Provided material START

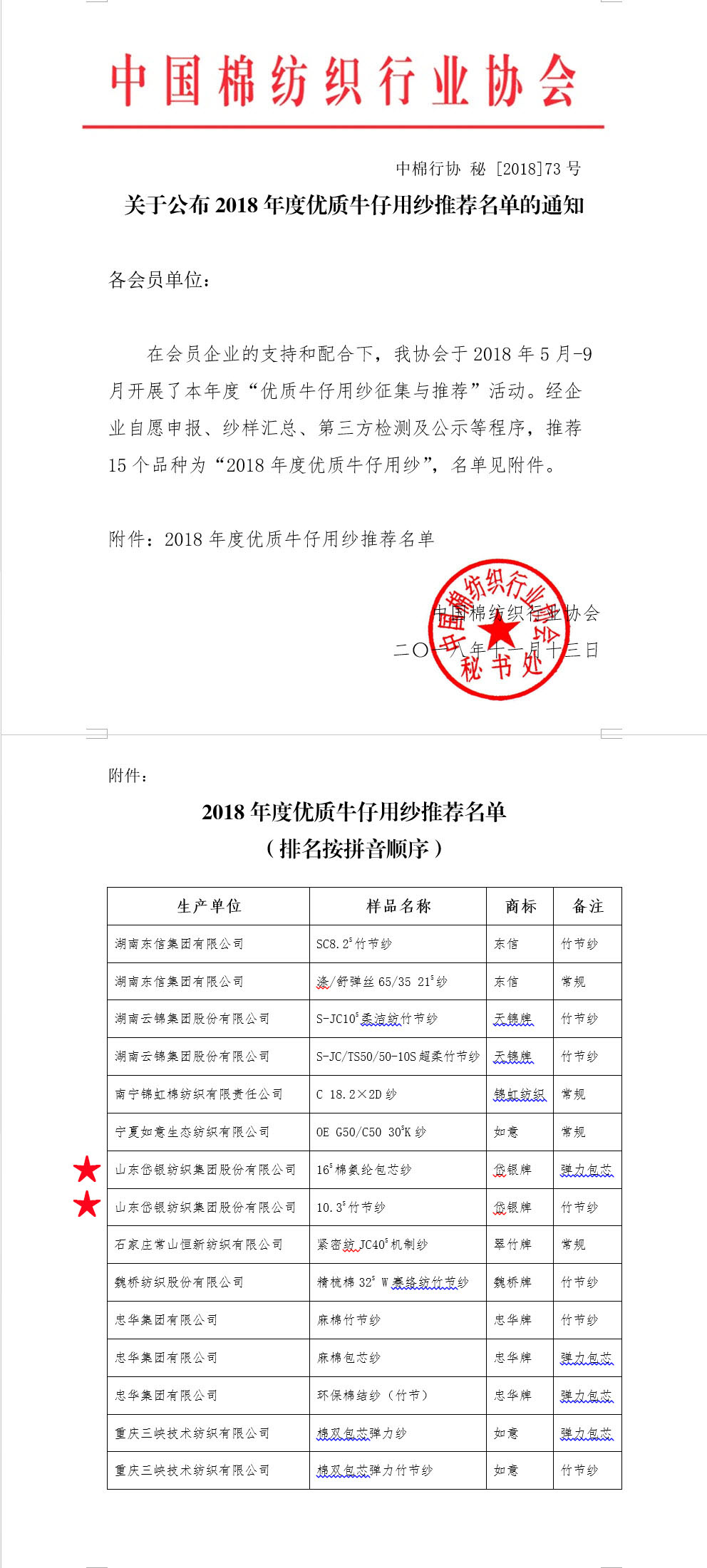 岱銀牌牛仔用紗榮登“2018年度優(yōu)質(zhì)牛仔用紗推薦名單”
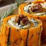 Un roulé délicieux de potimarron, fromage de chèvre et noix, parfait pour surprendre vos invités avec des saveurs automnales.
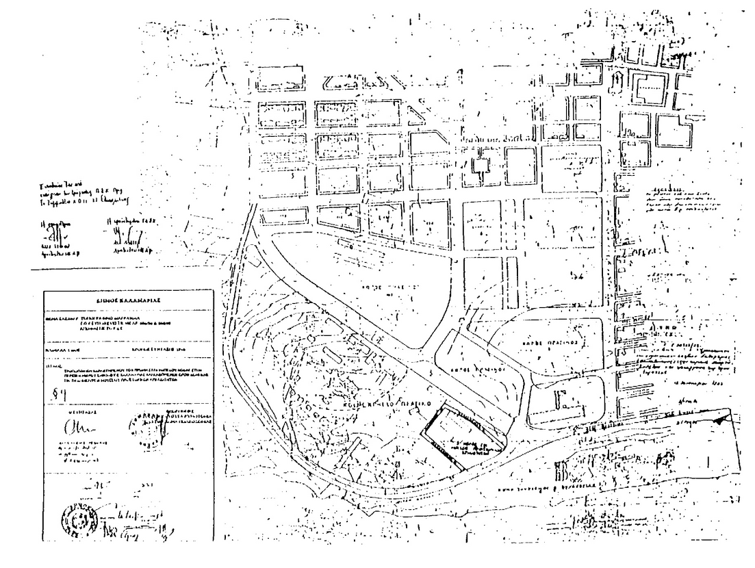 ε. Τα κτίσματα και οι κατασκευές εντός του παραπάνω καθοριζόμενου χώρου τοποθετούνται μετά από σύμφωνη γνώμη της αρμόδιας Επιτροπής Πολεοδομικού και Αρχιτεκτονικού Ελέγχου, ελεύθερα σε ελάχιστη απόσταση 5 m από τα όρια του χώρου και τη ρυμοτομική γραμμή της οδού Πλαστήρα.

Provided material END

- **What you should do**
Would you copy all of the data exactly? Keep the pictures out of it.

- **Written answer**
 岱銀牌牛仔用紗榮登“2018年度優(yōu)質(zhì)牛仔用紗推薦名單”
 Un roulé délicieux de potimarron, fromage de chèvre et noix, parfait pour surprendre vos invités avec des saveurs automnales.
 ε. Τα κτίσματα και οι κατασκευές εντός του παραπάνω καθοριζόμενου χώρου τοποθετούνται μετά από σύμφωνη γνώμη της αρμόδιας Επιτροπής Πολεοδομικού και Αρχιτεκτονικού Ελέγχου, ελεύθερα σε ελάχιστη απόσταση 5 m από τα όρια του χώρου και τη ρυμοτομική γραμμή της οδού Πλαστήρα.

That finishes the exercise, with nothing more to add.